┏━━
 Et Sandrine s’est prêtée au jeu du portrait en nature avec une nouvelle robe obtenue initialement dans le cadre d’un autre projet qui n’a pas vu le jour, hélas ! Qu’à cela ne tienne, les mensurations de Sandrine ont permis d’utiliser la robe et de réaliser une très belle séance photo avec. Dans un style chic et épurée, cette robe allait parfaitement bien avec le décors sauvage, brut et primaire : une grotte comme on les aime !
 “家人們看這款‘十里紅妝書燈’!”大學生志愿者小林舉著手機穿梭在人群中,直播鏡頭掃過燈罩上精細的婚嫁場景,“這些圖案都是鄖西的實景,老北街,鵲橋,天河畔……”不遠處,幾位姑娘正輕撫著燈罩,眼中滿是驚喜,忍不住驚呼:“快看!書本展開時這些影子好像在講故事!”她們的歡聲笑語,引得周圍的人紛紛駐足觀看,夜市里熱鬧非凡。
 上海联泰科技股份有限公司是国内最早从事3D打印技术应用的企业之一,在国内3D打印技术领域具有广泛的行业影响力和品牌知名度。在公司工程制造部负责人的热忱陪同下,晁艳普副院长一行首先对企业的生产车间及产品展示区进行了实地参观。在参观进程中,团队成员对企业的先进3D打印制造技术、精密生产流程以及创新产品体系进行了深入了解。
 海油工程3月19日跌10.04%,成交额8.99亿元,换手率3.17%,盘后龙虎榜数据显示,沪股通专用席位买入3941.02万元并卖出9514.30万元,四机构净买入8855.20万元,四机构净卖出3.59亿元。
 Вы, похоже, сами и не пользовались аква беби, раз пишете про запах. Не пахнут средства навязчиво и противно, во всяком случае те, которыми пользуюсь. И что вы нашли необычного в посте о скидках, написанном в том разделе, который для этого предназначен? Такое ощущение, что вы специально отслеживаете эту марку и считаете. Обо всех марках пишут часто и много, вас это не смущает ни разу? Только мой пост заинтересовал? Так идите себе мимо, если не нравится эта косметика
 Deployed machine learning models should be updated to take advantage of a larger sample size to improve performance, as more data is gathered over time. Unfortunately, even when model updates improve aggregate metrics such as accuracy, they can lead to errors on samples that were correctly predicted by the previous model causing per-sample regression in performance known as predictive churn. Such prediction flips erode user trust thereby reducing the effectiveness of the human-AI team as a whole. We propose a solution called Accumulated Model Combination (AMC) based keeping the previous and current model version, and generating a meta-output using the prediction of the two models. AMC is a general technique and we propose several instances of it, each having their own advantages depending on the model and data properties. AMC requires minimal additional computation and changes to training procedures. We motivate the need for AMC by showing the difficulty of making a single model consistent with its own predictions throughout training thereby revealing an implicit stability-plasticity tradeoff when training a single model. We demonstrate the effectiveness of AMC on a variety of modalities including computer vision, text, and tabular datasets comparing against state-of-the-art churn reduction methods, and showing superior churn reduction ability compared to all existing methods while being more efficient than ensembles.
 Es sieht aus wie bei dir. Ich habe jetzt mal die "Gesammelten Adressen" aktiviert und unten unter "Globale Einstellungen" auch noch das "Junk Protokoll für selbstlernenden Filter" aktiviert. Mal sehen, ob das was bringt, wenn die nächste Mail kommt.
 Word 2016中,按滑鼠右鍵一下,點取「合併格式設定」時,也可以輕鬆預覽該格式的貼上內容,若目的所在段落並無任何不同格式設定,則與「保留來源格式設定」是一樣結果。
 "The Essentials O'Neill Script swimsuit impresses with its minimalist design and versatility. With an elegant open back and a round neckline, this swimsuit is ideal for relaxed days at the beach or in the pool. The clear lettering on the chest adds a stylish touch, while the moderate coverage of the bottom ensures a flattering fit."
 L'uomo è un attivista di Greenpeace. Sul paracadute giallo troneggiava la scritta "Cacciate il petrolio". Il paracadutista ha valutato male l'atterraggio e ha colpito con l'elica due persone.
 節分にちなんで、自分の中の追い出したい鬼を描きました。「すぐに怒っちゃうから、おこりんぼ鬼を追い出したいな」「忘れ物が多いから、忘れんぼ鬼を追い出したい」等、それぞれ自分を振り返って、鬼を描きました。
┗━━
| WORK INSTRUCTIONS |
Give back all the records above exactly. Keep every word.

| WRITTEN SOLUTION |
 Et Sandrine s’est prêtée au jeu du portrait en nature avec une nouvelle robe obtenue initialement dans le cadre d’un autre projet qui n’a pas vu le jour, hélas ! Qu’à cela ne tienne, les mensurations de Sandrine ont permis d’utiliser la robe et de réaliser une très belle séance photo avec. Dans un style chic et épurée, cette robe allait parfaitement bien avec le décors sauvage, brut et primaire : une grotte comme on les aime !
 “家人們看這款‘十里紅妝書燈’!”大學生志愿者小林舉著手機穿梭在人群中,直播鏡頭掃過燈罩上精細的婚嫁場景,“這些圖案都是鄖西的實景,老北街,鵲橋,天河畔……”不遠處,幾位姑娘正輕撫著燈罩,眼中滿是驚喜,忍不住驚呼:“快看!書本展開時這些影子好像在講故事!”她們的歡聲笑語,引得周圍的人紛紛駐足觀看,夜市里熱鬧非凡。
 上海联泰科技股份有限公司是国内最早从事3D打印技术应用的企业之一,在国内3D打印技术领域具有广泛的行业影响力和品牌知名度。在公司工程制造部负责人的热忱陪同下,晁艳普副院长一行首先对企业的生产车间及产品展示区进行了实地参观。在参观进程中,团队成员对企业的先进3D打印制造技术、精密生产流程以及创新产品体系进行了深入了解。
 海油工程3月19日跌10.04%,成交额8.99亿元,换手率3.17%,盘后龙虎榜数据显示,沪股通专用席位买入3941.02万元并卖出9514.30万元,四机构净买入8855.20万元,四机构净卖出3.59亿元。
 Вы, похоже, сами и не пользовались аква беби, раз пишете про запах. Не пахнут средства навязчиво и противно, во всяком случае те, которыми пользуюсь. И что вы нашли необычного в посте о скидках, написанном в том разделе, который для этого предназначен? Такое ощущение, что вы специально отслеживаете эту марку и считаете. Обо всех марках пишут часто и много, вас это не смущает ни разу? Только мой пост заинтересовал? Так идите себе мимо, если не нравится эта косметика
 Deployed machine learning models should be updated to take advantage of a larger sample size to improve performance, as more data is gathered over time. Unfortunately, even when model updates improve aggregate metrics such as accuracy, they can lead to errors on samples that were correctly predicted by the previous model causing per-sample regression in performance known as predictive churn. Such prediction flips erode user trust thereby reducing the effectiveness of the human-AI team as a whole. We propose a solution called Accumulated Model Combination (AMC) based keeping the previous and current model version, and generating a meta-output using the prediction of the two models. AMC is a general technique and we propose several instances of it, each having their own advantages depending on the model and data properties. AMC requires minimal additional computation and changes to training procedures. We motivate the need for AMC by showing the difficulty of making a single model consistent with its own predictions throughout training thereby revealing an implicit stability-plasticity tradeoff when training a single model. We demonstrate the effectiveness of AMC on a variety of modalities including computer vision, text, and tabular datasets comparing against state-of-the-art churn reduction methods, and showing superior churn reduction ability compared to all existing methods while being more efficient than ensembles.
 Es sieht aus wie bei dir. Ich habe jetzt mal die "Gesammelten Adressen" aktiviert und unten unter "Globale Einstellungen" auch noch das "Junk Protokoll für selbstlernenden Filter" aktiviert. Mal sehen, ob das was bringt, wenn die nächste Mail kommt.
 Word 2016中,按滑鼠右鍵一下,點取「合併格式設定」時,也可以輕鬆預覽該格式的貼上內容,若目的所在段落並無任何不同格式設定,則與「保留來源格式設定」是一樣結果。
 "The Essentials O'Neill Script swimsuit impresses with its minimalist design and versatility. With an elegant open back and a round neckline, this swimsuit is ideal for relaxed days at the beach or in the pool. The clear lettering on the chest adds a stylish touch, while the moderate coverage of the bottom ensures a flattering fit."
 L'uomo è un attivista di Greenpeace. Sul paracadute giallo troneggiava la scritta "Cacciate il petrolio". Il paracadutista ha valutato male l'atterraggio e ha colpito con l'elica due persone.
 節分にちなんで、自分の中の追い出したい鬼を描きました。「すぐに怒っちゃうから、おこりんぼ鬼を追い出したいな」「忘れ物が多いから、忘れんぼ鬼を追い出したい」等、それぞれ自分を振り返って、鬼を描きました。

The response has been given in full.